Кривошеина Ксения Игоревна
О Николае Акимове. Капля крови

Lib.ru/Современная литература: [Регистрация] [Найти] [Рейтинги] [Обсуждения] [Новинки] [Помощь]
  • Комментарии: 1, последний от 18/11/2016.
  • © Copyright Кривошеина Ксения Игоревна (delaroulede-marie@yahoo.com)
  • Обновлено: 04/11/2016. 13k. Статистика.
  • Эссе: Мемуары
  • Скачать FB2
  •  Ваша оценка:
  • Аннотация:
    "Не стесняйтесь, можно смотреть и даже трогать руками", - сказал Акимов.
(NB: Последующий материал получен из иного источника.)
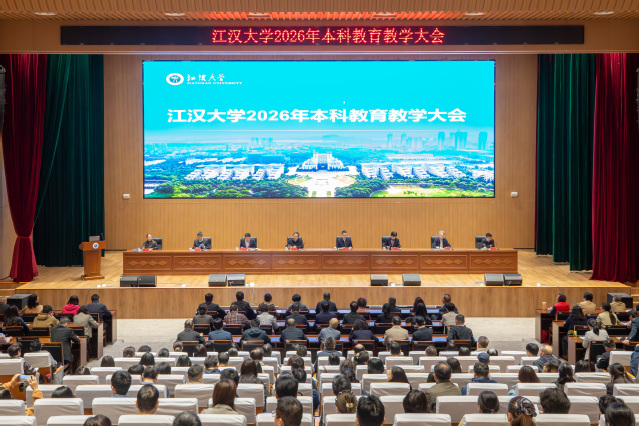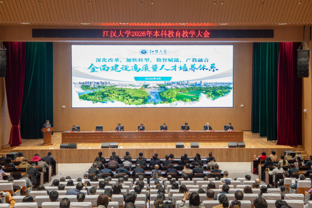 江大新闻网讯 4月23日上午,江汉大学2026年本科教育教学大会在科创大楼江大厅举行。会议总结了学校近年来本科教育教学工作成绩,剖析了面临的问题及挑战,并部署了下一阶段重点工作任务。校党委书记覃道明,党委副书记、校长景新华出席会议并讲话。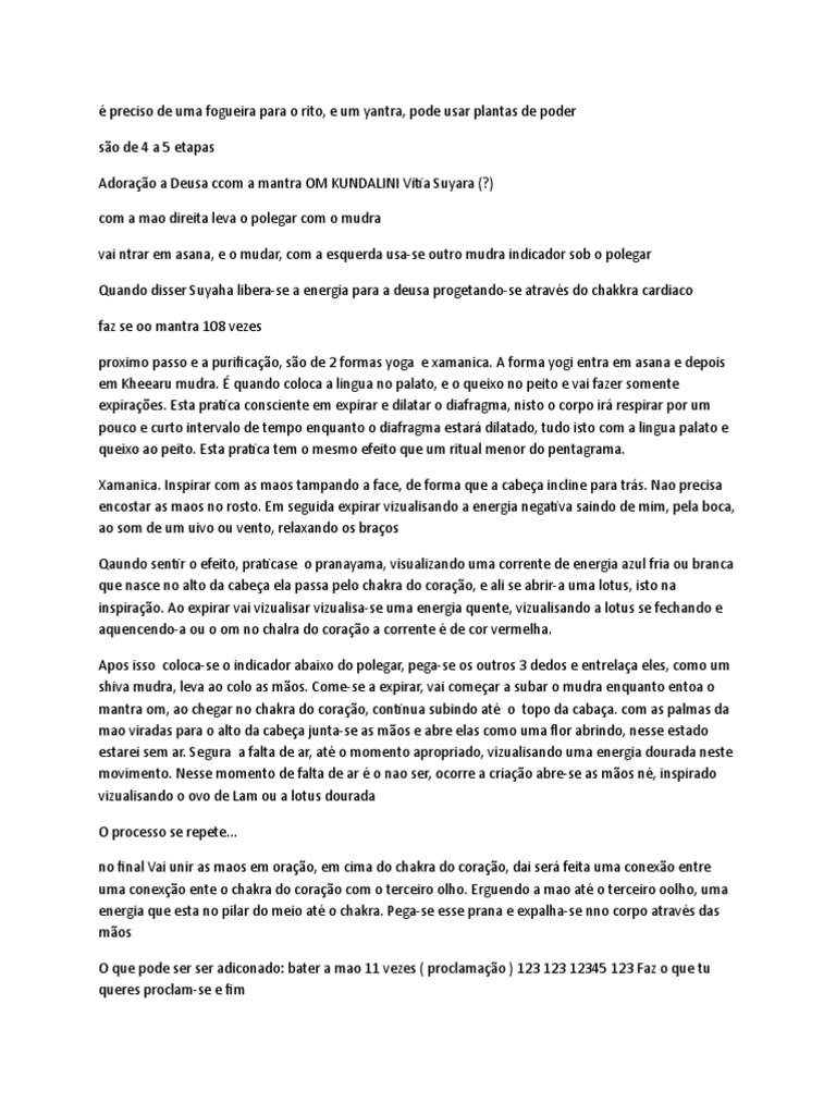 Quando disser Suyaha libera-se a energia para a deusa progetando-se através do chakkra cardiaco
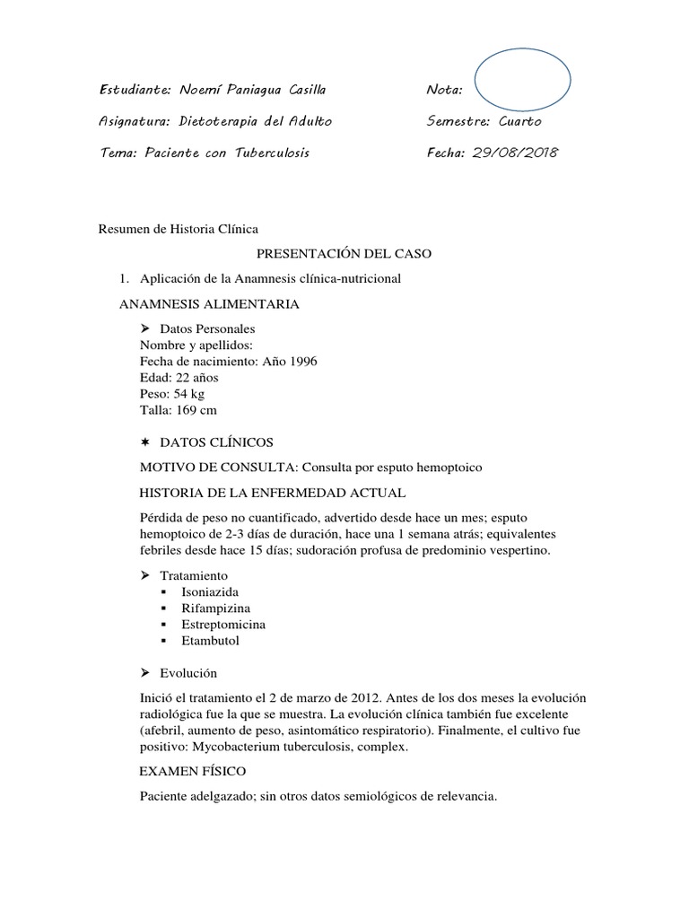 Tema: Paciente con Tuberculosis Fecha: 29/08/2018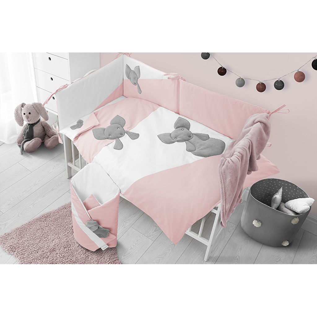 Frumoasa set 5 piese din bumbac pentru patutul copiilor - Belisima Mouse pentru bebeluşi. Setul este decorat cu un frumos motiv de şoareci. Este fabricat dintr-un material moale şi plăcut la atingere. Setul include lenjeria pentru pernă de aproximativ 40x60 cm, lenjeria pentru pilota de aproximativ 100x135 cm, balustrada de aproximativ 180 cm, umplutura pentru pernă şi pilota. Materialul este 100% bumbac.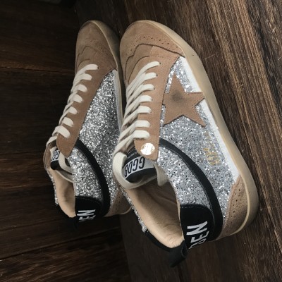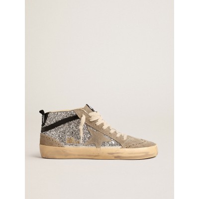 Mid Star Sneaker in silver glitter with brown suede star and black suede heel tab

Прикасаться к предметам я не решалась, но погладила странную шкурку на кресле, дотронулась до колокольчиков, увеличительных стекол (зачем они?)... Значительно позже я увидела его знаменитое фото с кубиком-линзой, подумала, что уж...

  •   О Николае Павловиче Акимове- Капля крови
      
      Ксения Кривошеина для журнала "ЧАЙКА"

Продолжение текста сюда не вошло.